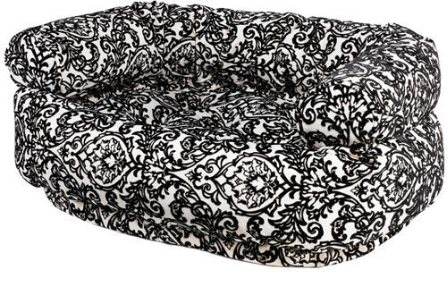 The Double Donut’s upper bolster is finished off with “piping” to create an elegant, “sofa” look, at the fraction of the cost of high-end dog furniture. The overstuffed “tufted” bottom cushion combined with a removable convoluted foam bottom insert, provide unsurpassed comfort and support. Of course, both bolsters and cushions are zippered for easy machine washing and drying.
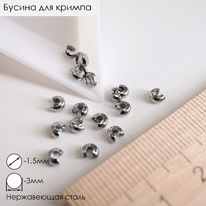 Бусина для кримпа d-3мм арт.ИВ-296 никель (нержавеющая сталь)
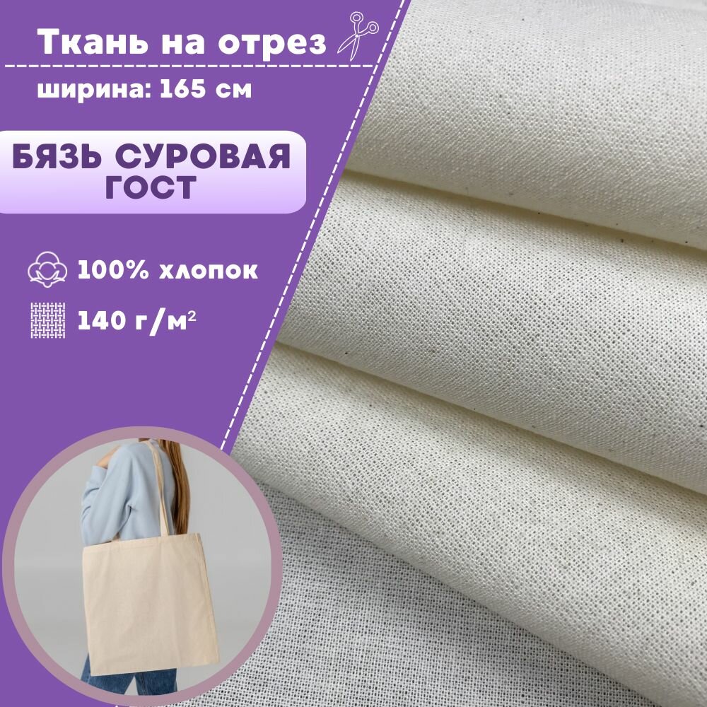 Ткань Бязь суровая ГОСТ (макетная, неотбеленная), 100% хлопок, пл. 140 г/м2, ш-165 см, на отрез, цена за пог. метр интересное:
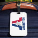 Balise de bagage avec le drapeau d'Arlington, Texas. Un drapeau blanc avec une lettre bleue et rouge A et une étoile argentée au centre
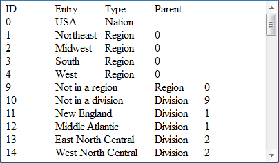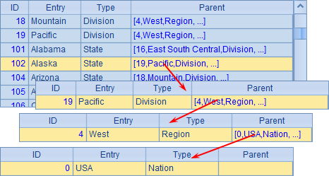 其中,Geography.txt的数据如下,在其中记录了各个层次的地区数据,包括地区,州等,同时通过Parent字段指明当前地区所处的上层地区的编号:
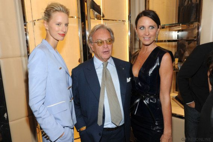 La modelo Karolina Kurkova, el fundador de Tod's, Diego Della Valle, y la diseñadora Alessandra Fachinnetti, en la tienda de Tod's de Nueva York en septiembre de 2014.
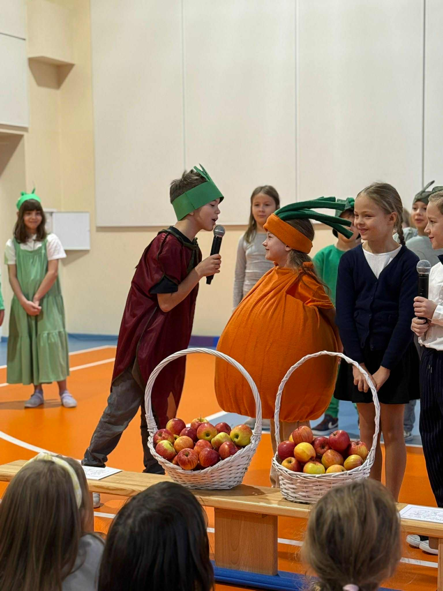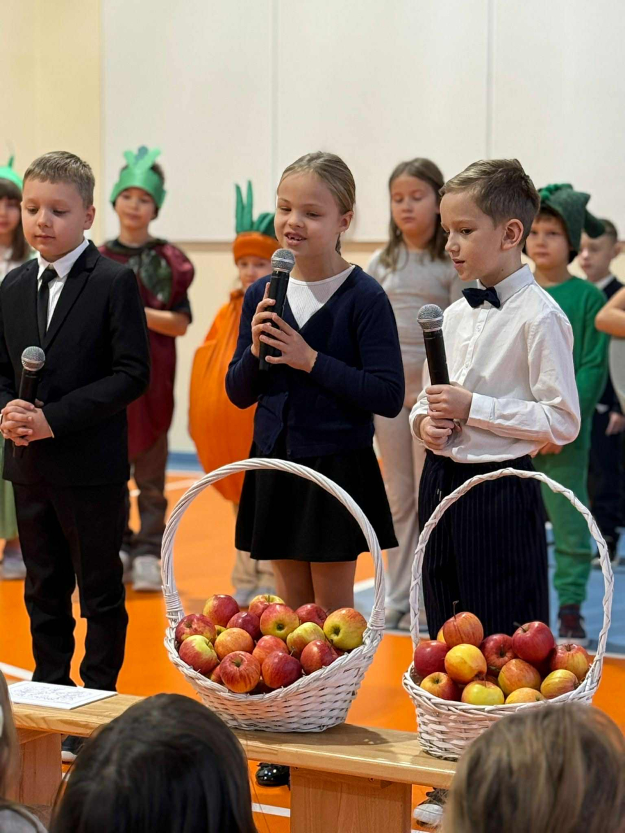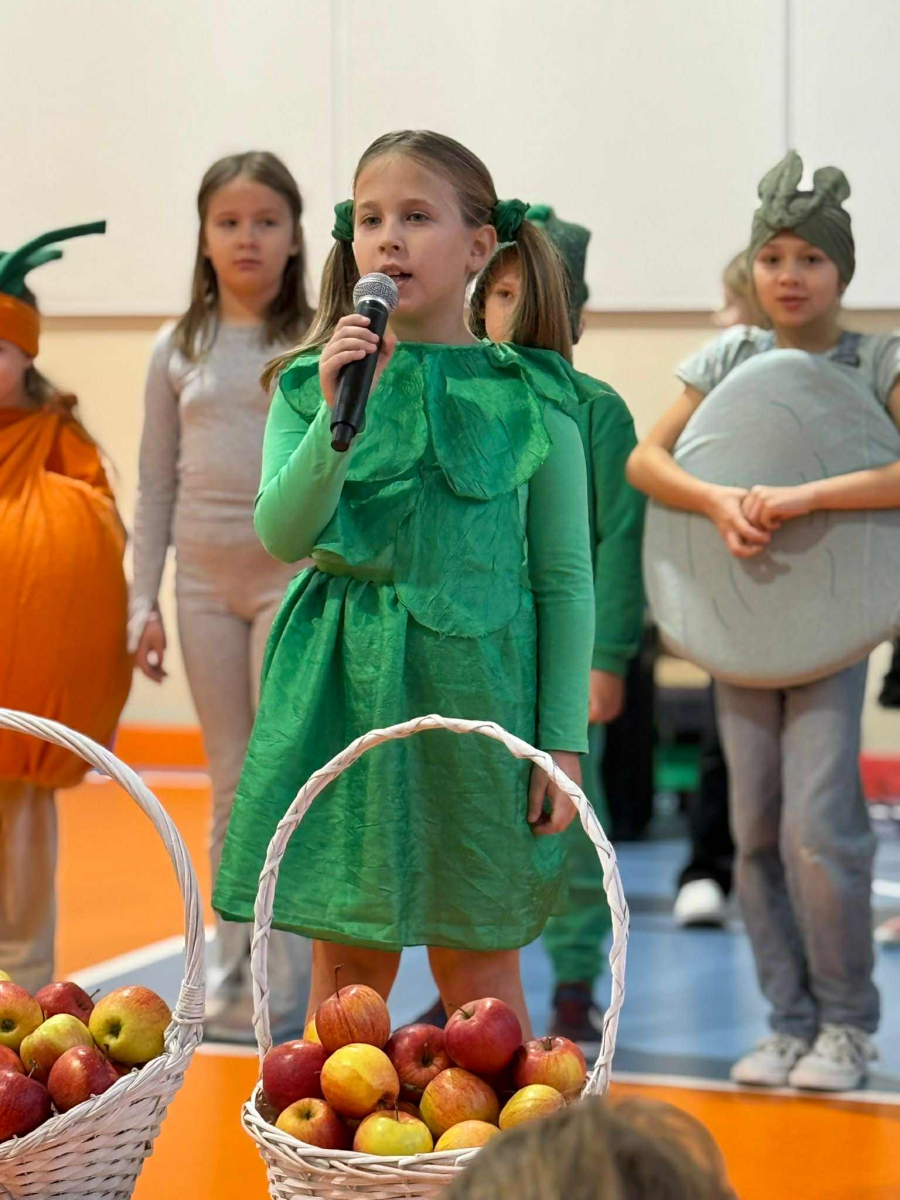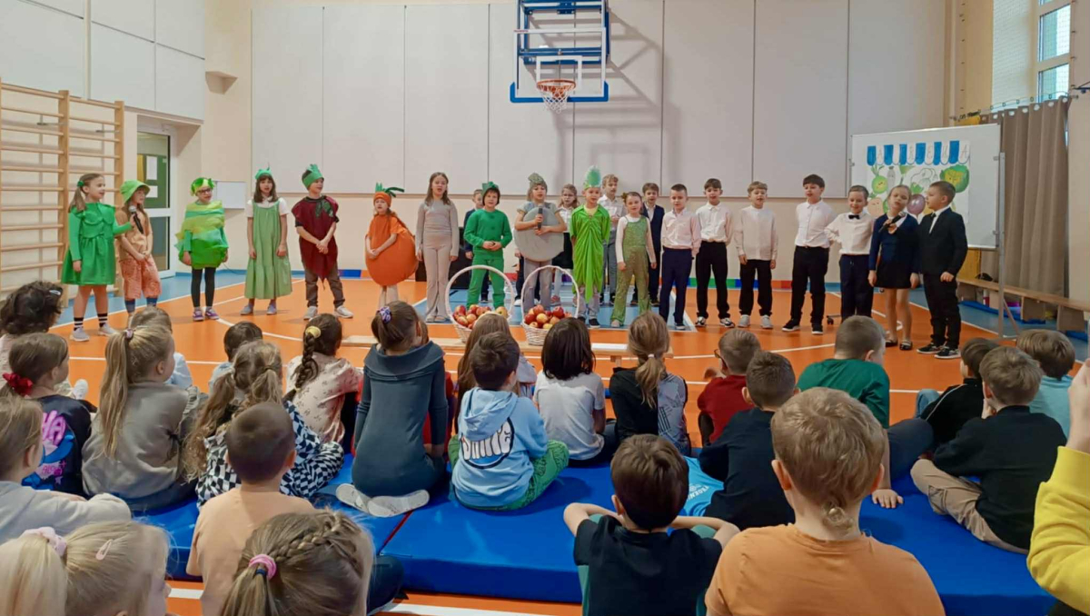 Na zakończenie spotkania pierwszaki mogły sprawdzić swoją wiedzę w krótkim quizie warzywnych zagadek. Poradziły sobie z nimi znakomicie, za co otrzymały w nagrodę pyszne jabłka oraz kolorowanki związane z tematyką przedstawienia.
##########
▸ **EXERCISE INSTRUCTIONS**: Using the data above, which lines fall from the one with "Бусина для кримпа" through the one with "其中,Geography.t"? Repeat them exactly, ends included, minus any pictures.

▸ **COMPLETED EXERCISE**:
 Бусина для кримпа d-3мм арт.ИВ-296 никель (нержавеющая сталь)
 Ткань Бязь суровая ГОСТ (макетная, неотбеленная), 100% хлопок, пл. 140 г/м2, ш-165 см, на отрез, цена за пог. метр интересное:
 Balise de bagage avec le drapeau d'Arlington, Texas. Un drapeau blanc avec une lettre bleue et rouge A et une étoile argentée au centre
 其中,Geography.txt的数据如下,在其中记录了各个层次的地区数据,包括地区,州等,同时通过Parent字段指明当前地区所处的上层地区的编号:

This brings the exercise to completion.